Hasta tal punto llegó la deformación del academicismo histórico sobre la sensibilidad y filosofía de vida de los ancestrales pueblos americanos (en particular de aquellos que habitaron el Ánahuac, el México prehispánico y, entre éstos, particularmente los Toltecas) que es natural asociarles más con guerreros sanguinarios de gesto adusto que con sensibles poetas y diletantes de la vida. Aunque aún resuenen los poemas del “Tlatoani”, Señor de Texcoco, Netzahualcoyotl, cuando escribía por ejemplo:
Muchacha, cuando yo muera,
sepúltame en el hogar.
Y cuando hagas las tortillas,
ponte por mí a llorar.
Y si alguien te pregunta,
«Muchacha, por qué lloras?»
Dile: «La leña está verde
y es el humo que me hace llorar.»
Hasta tal punto esta falta de percepción de su delicadeza amorosa está impregnado en quienes, de buena fe, se abocan al rescate de esas Sabidurías Ancestrales. Pongámoslo en ilustraciones. Cuando pensamos en mexicas y toltecas de esos tiempos, tendemos a pensar
en esto, el típico “danzante”, vestido de guerrero. Uno tendería –si fuera por la educación impuesta- que dejando de lado armas y tocados, así era su vestimenta habitual. Y, sin embargo, en nuestra iconografía y representaciones idealizadas no los vemos como realmente se vestían, tal cual ilustran las imágenes que acompañamos ahora. Sé que esto es muy subjetivo pero, dígame el lector la verdad: ¿no le asemeja a vestimentas griegas?.
Ya he escrito en algún lugar que una de las variables de su derrota frente a los invasores europeos no fue el desconocimiento del hierro, otra mentira histórica (sobre lo cual desarrollaré pronto un artículo) sino el significado únicamente ceremonial y simbólico de las guerras, pues hasta el concepto de sacrificios humanos debe ser revisado (ampliación del tema, haciendo click aquí). Ello, sin entrar a contar las leyendas sobre los «sanguinarios aztecas» para venir a descubrir -algo que oficialmente se les niega aún hoy a los propios mexicanos- que los aztecas jamás existieron. Y recordemos que esto es Huehuetlatolli (“Palabra de los Ancestros”):
“Comenzaban a enseñarles
Cómo han de vivir,
Cómo han de respetar a las personas,
Cómo han de entregarse a lo correcto.
Han de evitar lo malo,
Huyendo con fuerza de la maldad,
La perversión y la avidez”
La enseñanza de una sociedad justa y afectuosa.

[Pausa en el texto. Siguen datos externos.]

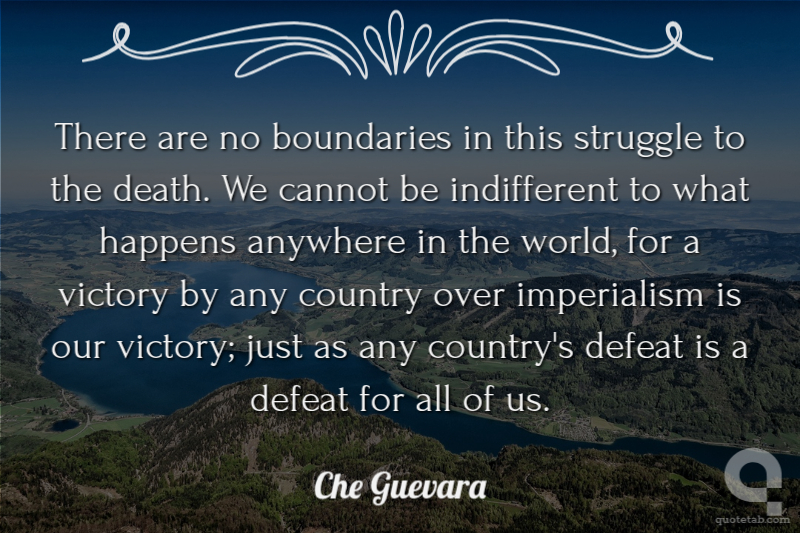 There are no boundaries in this struggle to the death. We cannot be indifferent to what happens anywhere in the world, for a victory by any country over imperialism is our victory; just as any country's defeat is a defeat for all of us.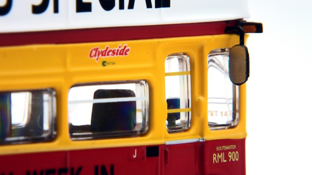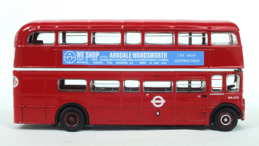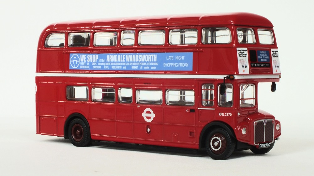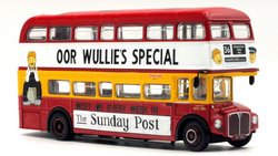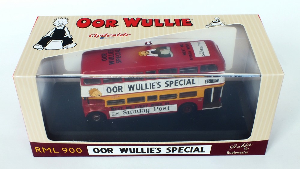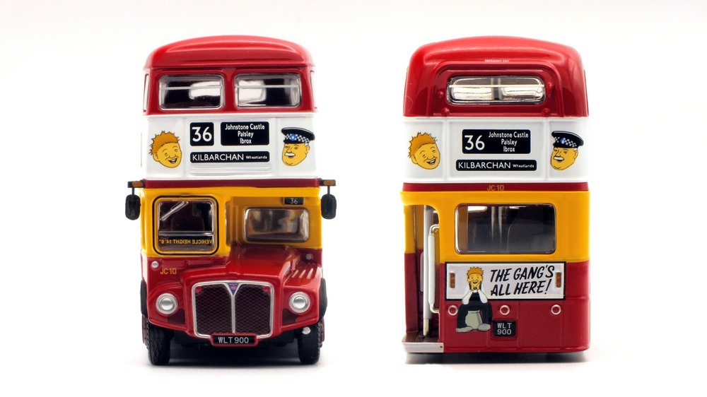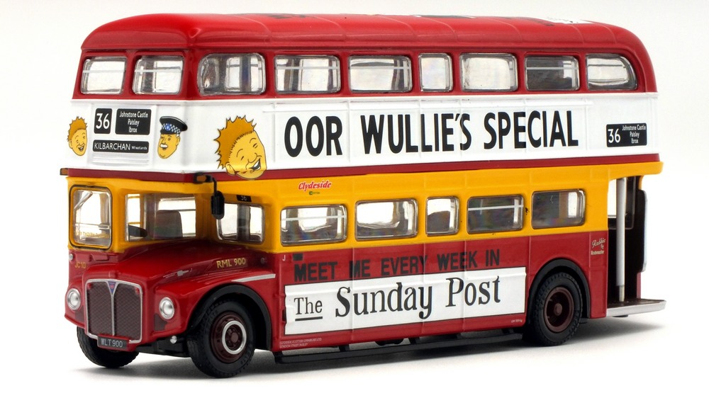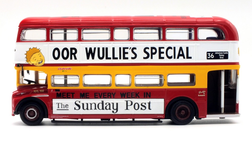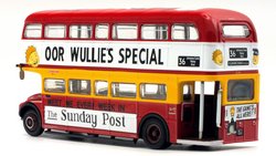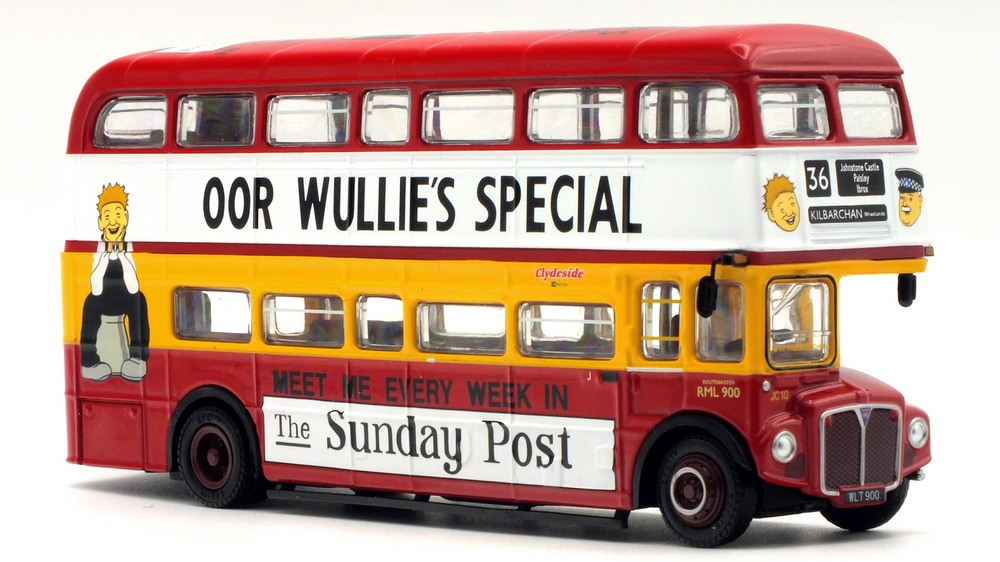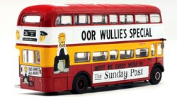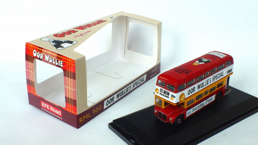 This model depicts Clydeside Scottish JCL10/RML 900 in the special “Oor Wullie's Special” livery used to promote The Sunday Post newspaper. The model depicts the vehicle in its March 1989 condition after the addition of the JC10 fleet numbers with blinds set for route 36 to Kilbarcham Wheatlands. RML 900 sustained serious accident & was deemed uneconomic to repair by London Transport, Clydeside Scottish acquired the vehicle & repaired it, when it re-entered service in 1988 it was the first operational RML outside London. This model should still be available from UK retailers along with E42304 which depicts Southend Transport 121 / RCL2256 on route 1 (see 16 Dec post below). These models have a UK RRP of £54.95 & £46.95 resp. The higher price for the Oor Wullie's model is likely linked to it being a licensed item & more complex model & packaging decoration. |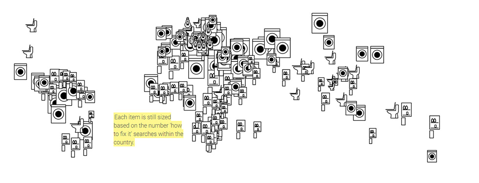 در این سایت؛ مردم میتوانند ابتدا منطقه و کشور خود را انتخاب کنند و بعد بیشترین جستوجو درباره «چگونگی تعمیر» یا «How To» وسایل مختلف خانه را مشاهده کنند. این قابلیت سایت کمک میکند تا مردم هر کشوری بتوانند سریعا راهحل رایجترین مشکلات اطراف خود را پیدا کنند. مثلا این سایت میگوید در کشور کانادا خرابی در، یخچال و توالت شایعتر از دیگر وسایل آشپزخانه است. (در ایران جستجو برای تعمیر یخچال)

En esa sociedad, el amor –no solamente parental o filial, del que existen sobrados ejemplos- entre dos espíritus tenía no solamente un marco ceremonial propicio (el “Amarre de Tilma y Huipil”, al que describimos aquí) sino definido con una expresión particular: dualidad ometeoica. Por respeto a esa Tradición, y en pleno conocimiento de su significado, quienes seguimos el Camino y práctica de la Toltecayotl (Toltequidad) solemos referirnos a nuestras parejas, justamente, con esa expresión.
Pero, ¿qué significa?.
Ometeotl es, en la cosmopercepción tolteca, la expresión manifiesta de la Divinidad. Ésta, llamada Ipalnemouane (“Aquél por lo que existimos”) es Increado e Inmanifestado y en virtud de ello, para manifestarse, para actuar, se desdobla en una Dualidad llamada, precisamente, Ometeotl (“Ome” el numeral “dos” en lengua náhuatl.”Teotl”: semilla cósmica). Ometeotl es, entonces, la Divinidad en Acción. Pero esa divinidad, manifestada en el marco de la Naturaleza, se expresa y tiene completitud en tanto y en cuanto es Dualidad (la Unidad de lo Divino está en Ipalnemouane, diríamos, un escalón más arriba).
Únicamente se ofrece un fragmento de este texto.